On Aug 28, 2008, at 05:49, Steve Langasek wrote:
Sometimes it isn't about what is most efficient. Besides if you have a working machine why buy a new one (unless electricity starts to cost too
much to justify the old one running).

It was precisely my point that I think that replacing an old alpha with a lower-power, modern machine would pay for itself in electricity savings in a
reasonably short amount of time.

It'd kind of be cheating, but... a quick google search suggests that there are Alpha emulators out there; are any free and good enough to run Debian, and run it at anything near real hardware speed? If so, some porting work could be done without quite so much electricity. Though of course that still raises the question, "Why??" For me, it'd be testing software on a modern OS, but on hardware with alignment requirements and other characteristics that don't match x86, and thus help highlight bugs caused by the "all the world's a PC" mentality. And a bit of nostalgia (same reason I've got an old vaxstation in my basement).

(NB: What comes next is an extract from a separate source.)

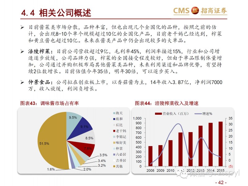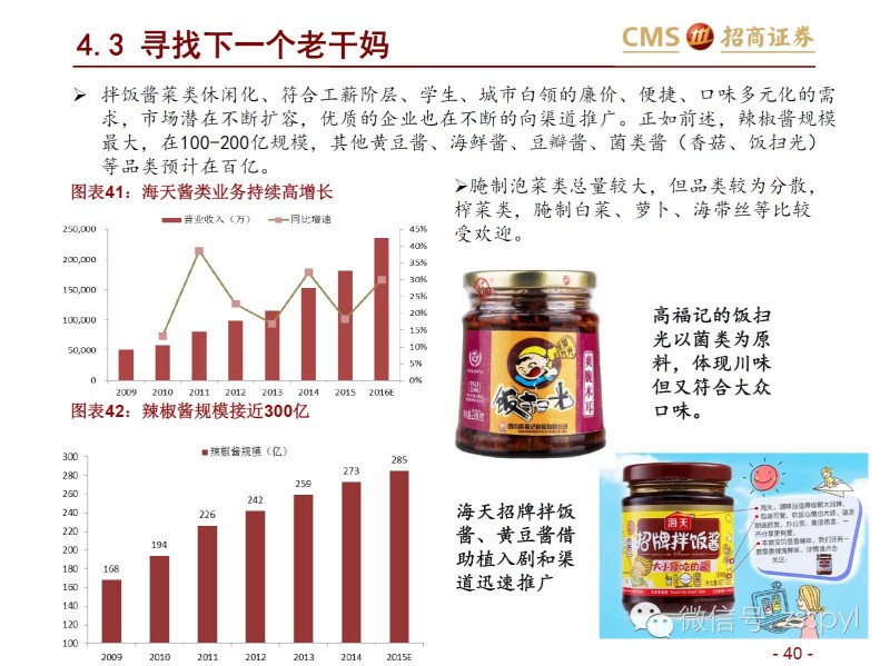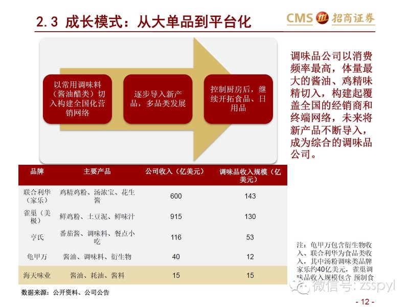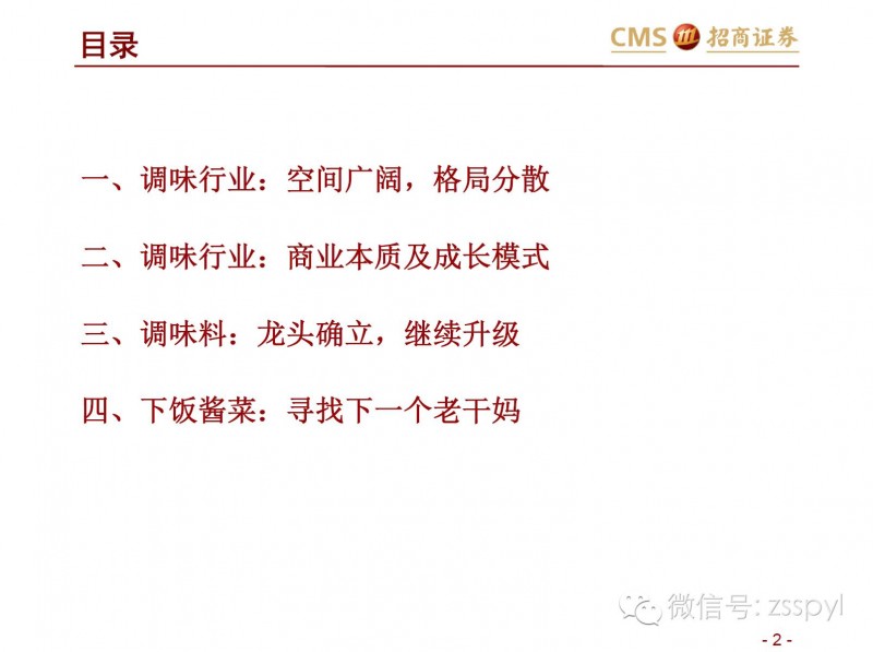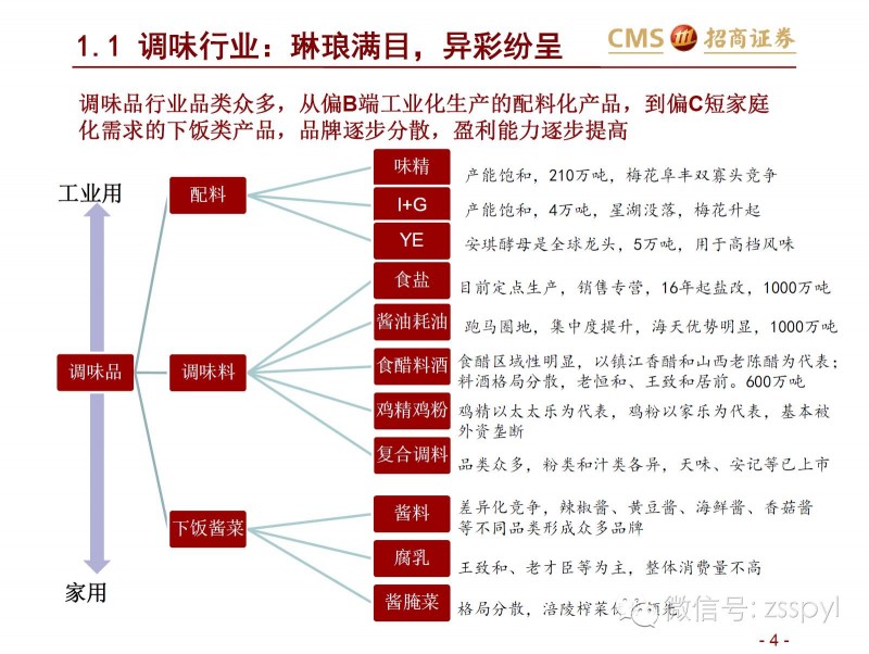 中国调味品协会常务副会长兼理事会总干事卫祥云曾指出,调味品企业在市场变化的情况下要有所作为:一是提高企业应变能力,通过供给侧结构性改革调结构、促转型和谋发展;二是适应高端餐饮业为主的产品供应结构面向大众餐饮业进行调整;三是针对特定行业和特殊产品开发相关调味品和食品配料等。事实上,目前整个调味品行业呈现出空间广阔但又格局分散的特点,要做好市场首先要了解整个调味品行业的格局,招商证券的这篇行业解析值得一读。

 carrying on supporting an architecture that has
ceased to be useful to them (and almost everyone else in the world)?

Yeah, that's NetBSD's job. :)

If people love being able to keep their alphas running, let them step up to do the work. Right now all I see is a dying port, and I'm trying to make
sure that the last one out turns off the lights.

Wish I had time to help. :( I've got two or three machines sitting around my office waiting for installs (and maybe new disks), but no time to play with them.